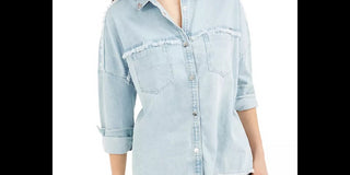 Guess Women's Parisian Frayed Edge Denim Shirt Blue Size X-Small
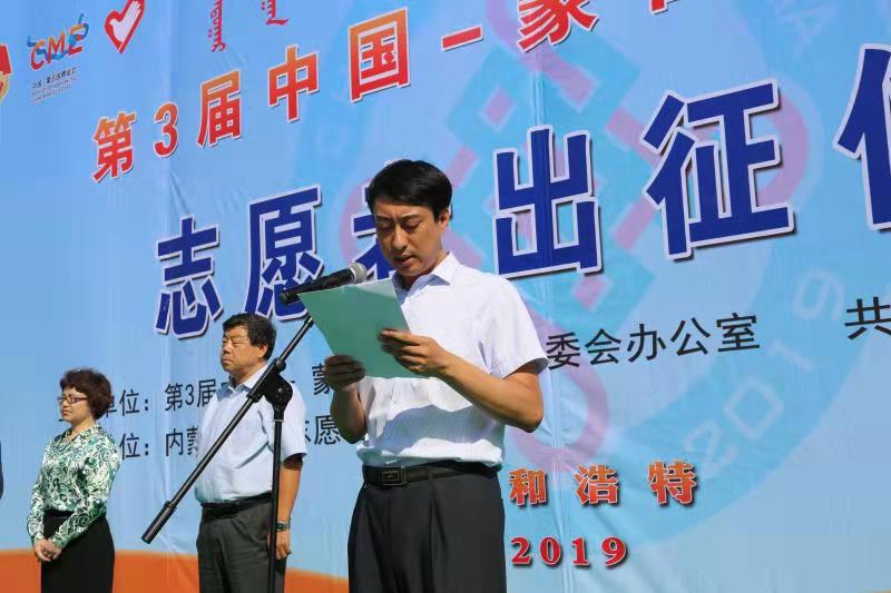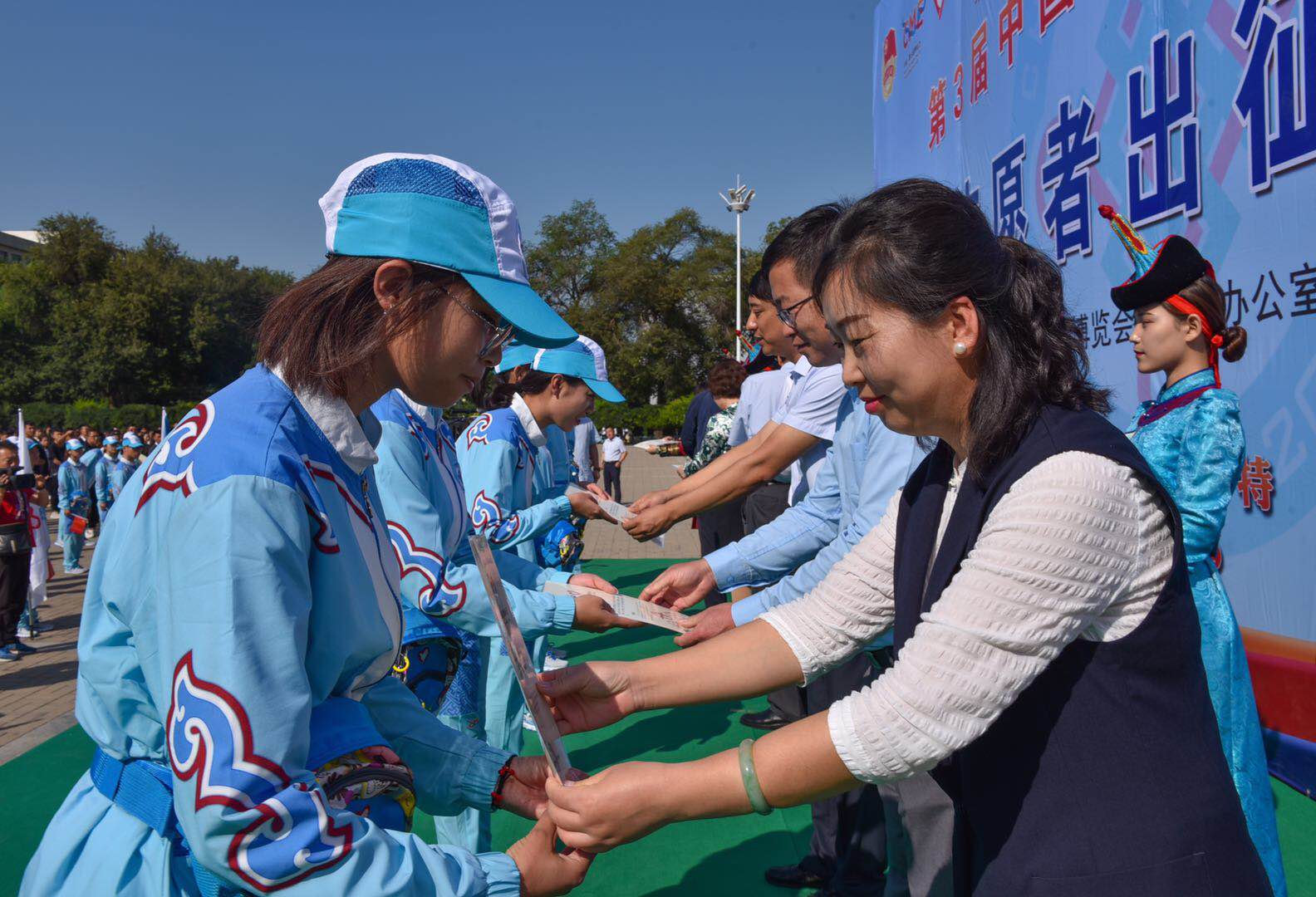 最后,第三届中蒙博览会综合协调部执行副部长、自治区商务厅厅长田永为青年志愿者服务队授旗。
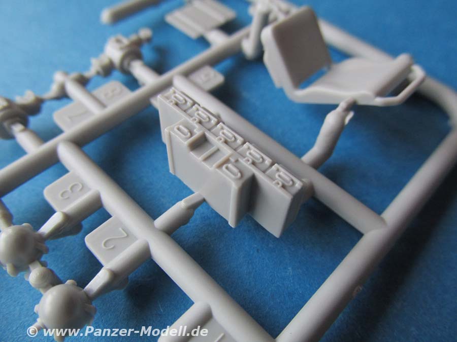 In diesem Fall haben wir je zwei Bodenplatten mit schönen Musterprägungen und den darauf befindlichen Sitzen und weiteren Details. Dazu kommen dann weitere Details wie die Armaturen für den Fahrer, Funkgeräte und Ausrüstung für die Infanteristen im hinteren Teil des Fahrzeugs. Das Einzige was leider nicht dargestellt ist, ist der Motorraum nebst Motor.
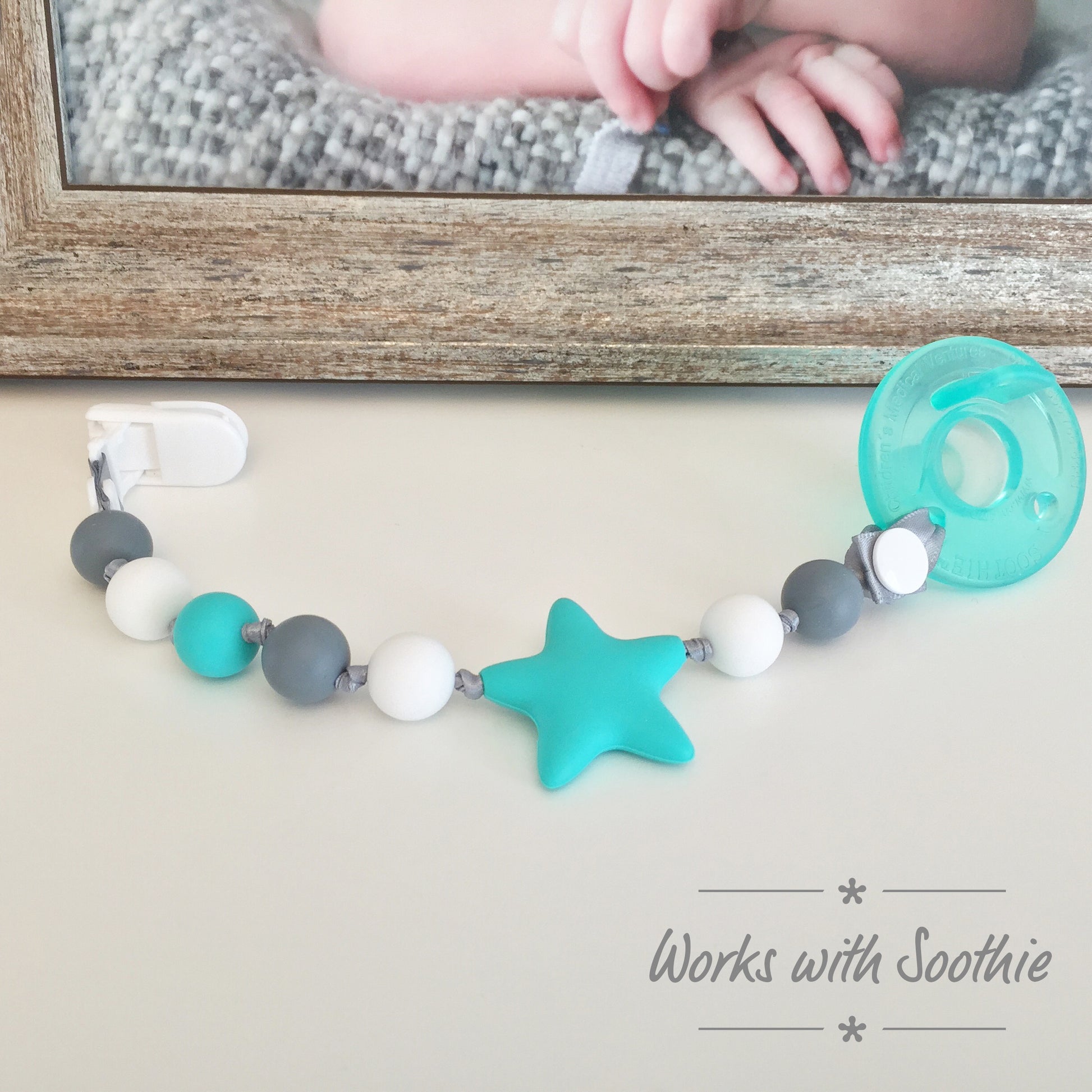 Star Dust Teether Pacifier Clips
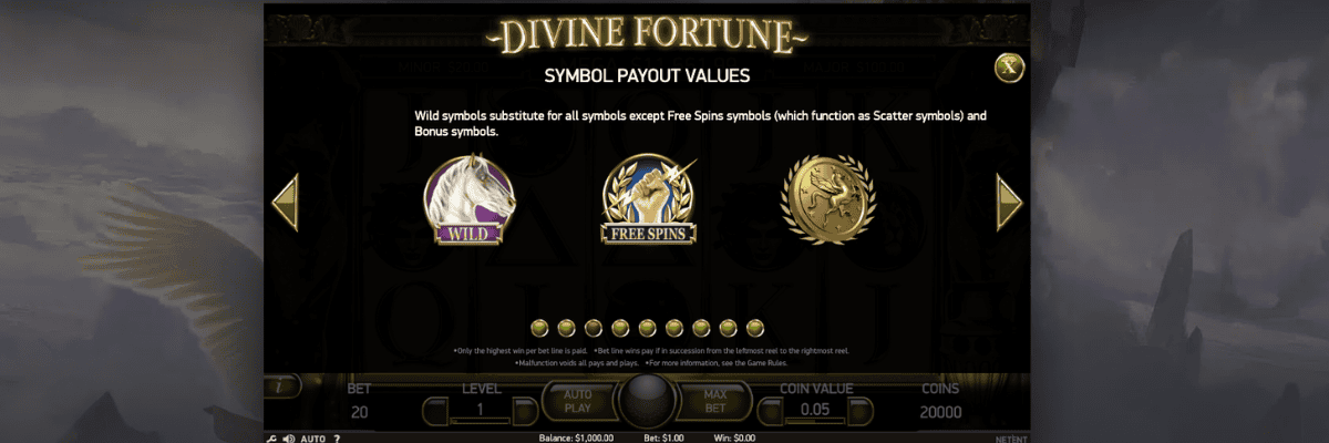 Minimālā likme Divine Fortune spēļu aparātā ir €0,20 par griezienu.
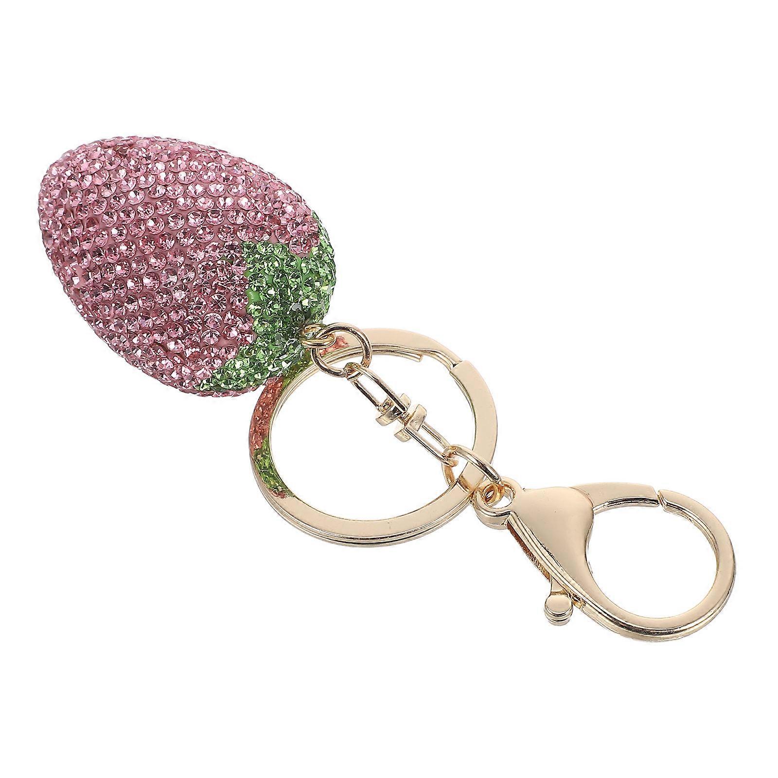 Rhinestone Strawberry Keychain Cute Bag Charm Lightweight Decorative Accessory for Backpacks Purses Car Keys Handbags
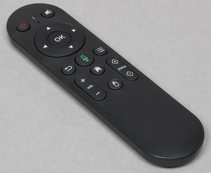 Обозначения кнопок достаточно контрастные и крупные. При нажатии кнопки негромко щелкают. Пульт гибридный, он может работать как по ИК, так и по Bluetooth. По ИК пульт работает до сопряжения с проектором или тогда, когда проектор находится в режиме ожидания. Во всех остальных случаях ИК-передатчик не работает, и команды передаются по Bluetooth. В передней части пульта есть индикатор (мигает красным при передаче команд) и микрофон. Есть упрощенная функция координатного ввода — после нажатия на кнопку с изображением мышки ее курсор можно передвигать курсорными кнопками пульта, а центральная кнопка отвечает за нажатие на левую кнопку мыши. Также никто не мешает подключить к проектору настоящие клавиатуру (только по USB, так как в случае Bluetooth не отображается код для подключения) и мышь (по USB или по Bluetooth). Поддерживается прокрутка колесиком. Нажатие на правую кнопку мыши соответствует отмене действия или возврату назад. Задержка перемещения курсора мыши относительно движения самой мышью великовата, но еще терпимая. Нужно отметить, что в целом штатный интерфейс самого проектора хорошо оптимизирован для использования только курсорных кнопок комплектного пульта ДУ.
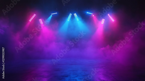 Reflective floor with vibrant stage lights and mystical fog high resolution picture

Work request: Exact copy, no pictures. Write out the lines in the entries above, starting with the line with "最后,第三届中蒙博览会综合协" and going on through the line with "Rhinestone Strawberry Keychain", keeping both.

Task response:
 最后,第三届中蒙博览会综合协调部执行副部长、自治区商务厅厅长田永为青年志愿者服务队授旗。
 In diesem Fall haben wir je zwei Bodenplatten mit schönen Musterprägungen und den darauf befindlichen Sitzen und weiteren Details. Dazu kommen dann weitere Details wie die Armaturen für den Fahrer, Funkgeräte und Ausrüstung für die Infanteristen im hinteren Teil des Fahrzeugs. Das Einzige was leider nicht dargestellt ist, ist der Motorraum nebst Motor.
 Star Dust Teether Pacifier Clips
 Minimālā likme Divine Fortune spēļu aparātā ir €0,20 par griezienu.
 Rhinestone Strawberry Keychain Cute Bag Charm Lightweight Decorative Accessory for Backpacks Purses Car Keys Handbags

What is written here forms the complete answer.